▶ **Task details**
Given the records below, the lines starting at the line with "Go to Forest" and ending at the line with "Costruzione in acciaio" should be output exactly, both end lines kept and pictures left out.

▶ **Task data**
☆ ☆ ☆

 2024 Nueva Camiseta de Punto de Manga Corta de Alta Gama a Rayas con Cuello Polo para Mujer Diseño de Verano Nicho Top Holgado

☆ ☆ ☆

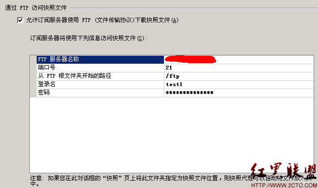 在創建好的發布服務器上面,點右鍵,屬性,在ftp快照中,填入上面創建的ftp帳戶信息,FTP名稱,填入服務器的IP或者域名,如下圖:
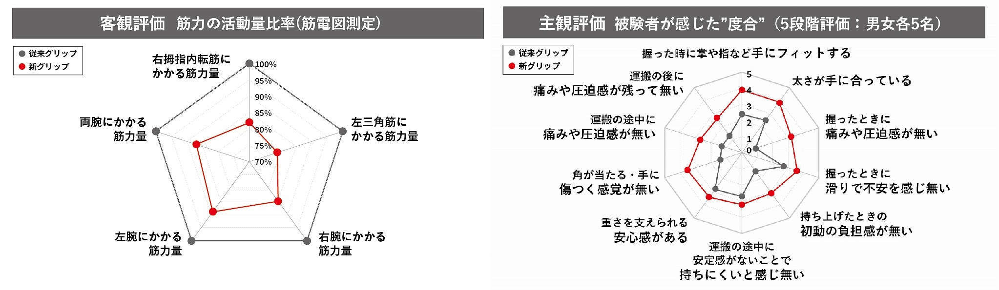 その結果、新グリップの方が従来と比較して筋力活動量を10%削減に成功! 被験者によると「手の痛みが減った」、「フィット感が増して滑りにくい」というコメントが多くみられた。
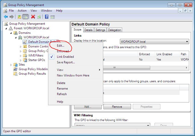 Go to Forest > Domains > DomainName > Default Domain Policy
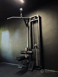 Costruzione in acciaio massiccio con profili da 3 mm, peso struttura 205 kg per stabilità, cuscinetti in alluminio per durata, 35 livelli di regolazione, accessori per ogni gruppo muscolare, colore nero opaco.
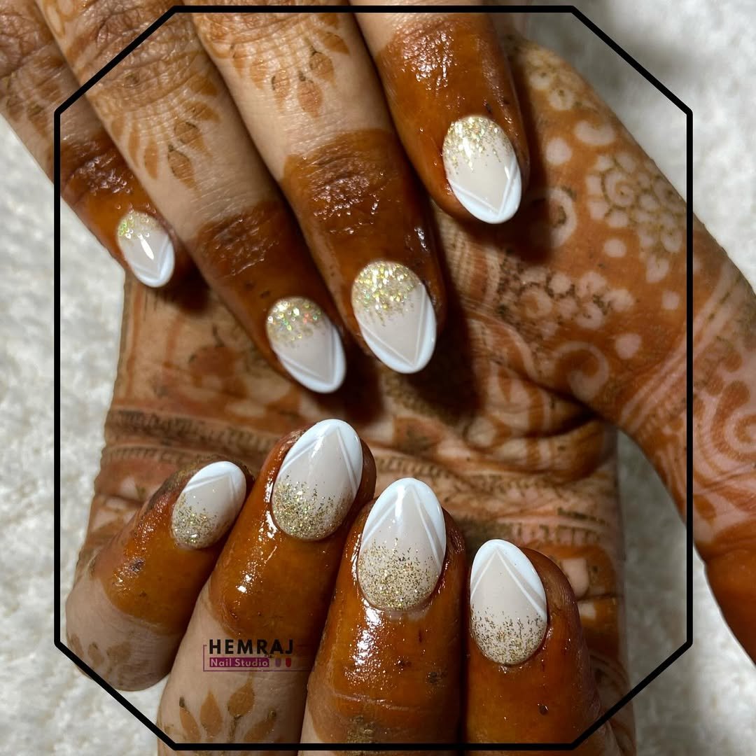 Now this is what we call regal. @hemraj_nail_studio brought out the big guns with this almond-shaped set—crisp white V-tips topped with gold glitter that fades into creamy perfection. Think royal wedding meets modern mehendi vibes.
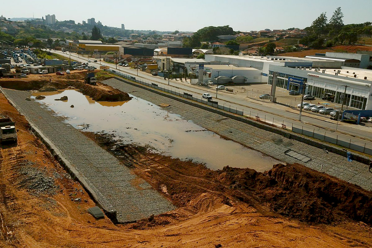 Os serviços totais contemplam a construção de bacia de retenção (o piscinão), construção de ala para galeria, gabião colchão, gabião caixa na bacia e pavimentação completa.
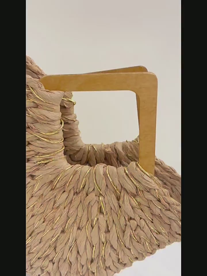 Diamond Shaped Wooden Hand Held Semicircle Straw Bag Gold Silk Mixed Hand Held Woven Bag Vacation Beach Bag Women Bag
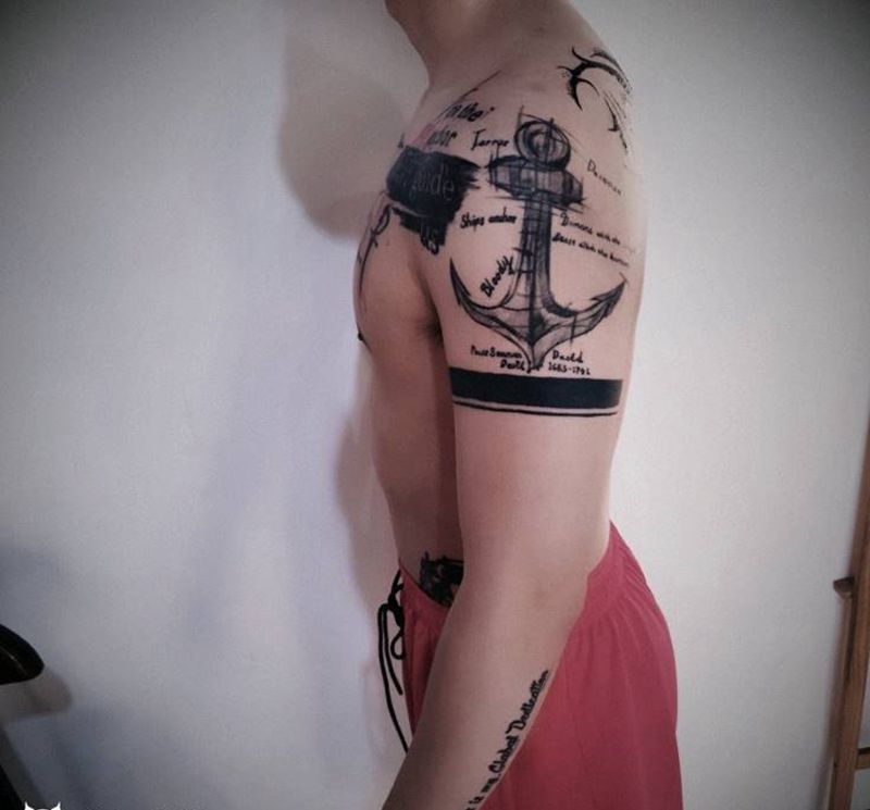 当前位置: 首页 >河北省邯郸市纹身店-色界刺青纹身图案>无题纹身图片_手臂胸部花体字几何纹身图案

☆ ☆ ☆

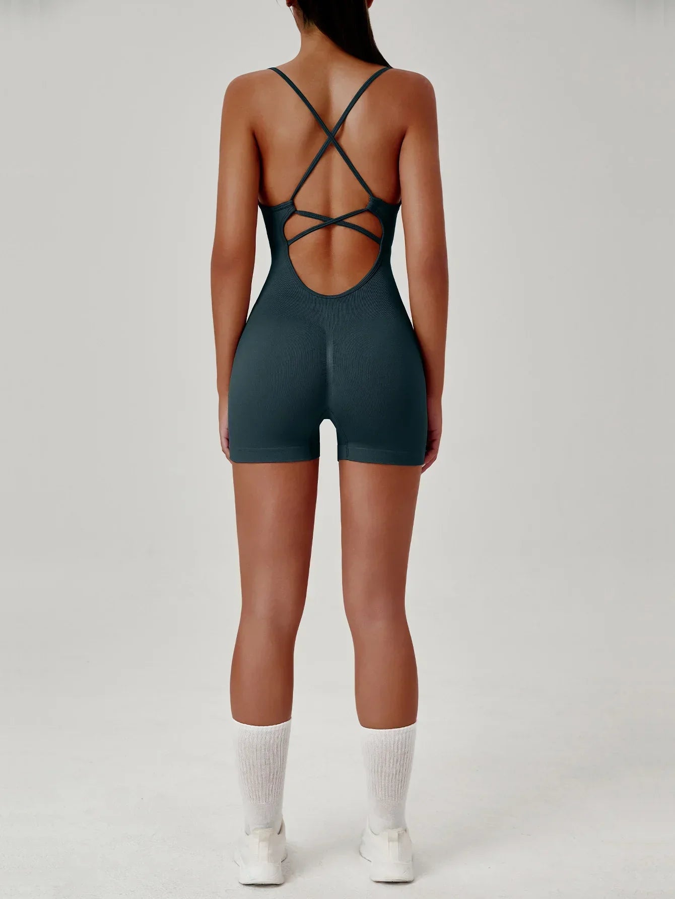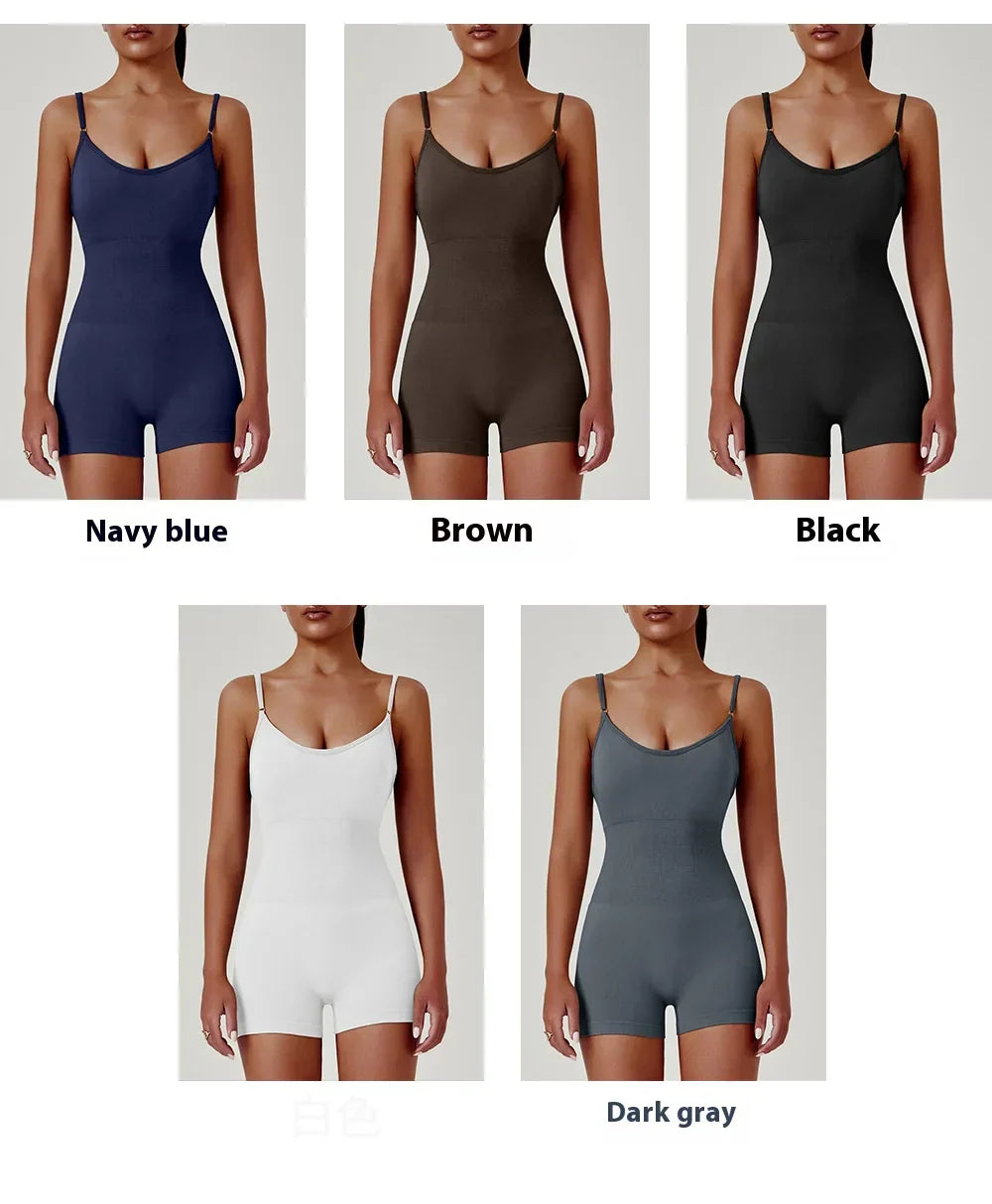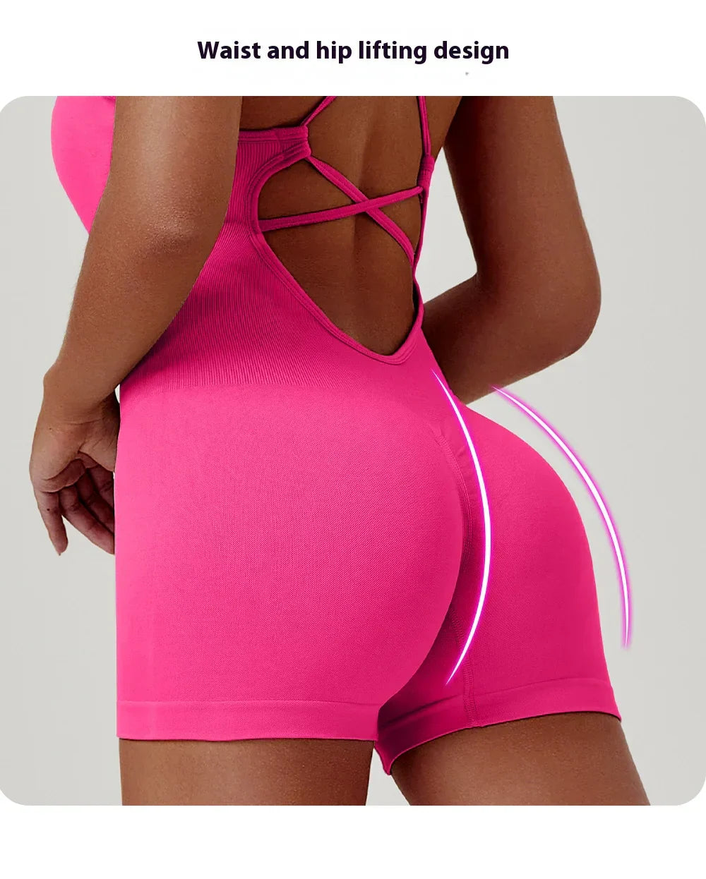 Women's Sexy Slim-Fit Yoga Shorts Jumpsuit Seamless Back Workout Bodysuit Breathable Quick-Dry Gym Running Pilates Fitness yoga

☆ ☆ ☆

▶ **Task solution**
 Go to Forest > Domains > DomainName > Default Domain Policy
 Costruzione in acciaio massiccio con profili da 3 mm, peso struttura 205 kg per stabilità, cuscinetti in alluminio per durata, 35 livelli di regolazione, accessori per ogni gruppo muscolare, colore nero opaco.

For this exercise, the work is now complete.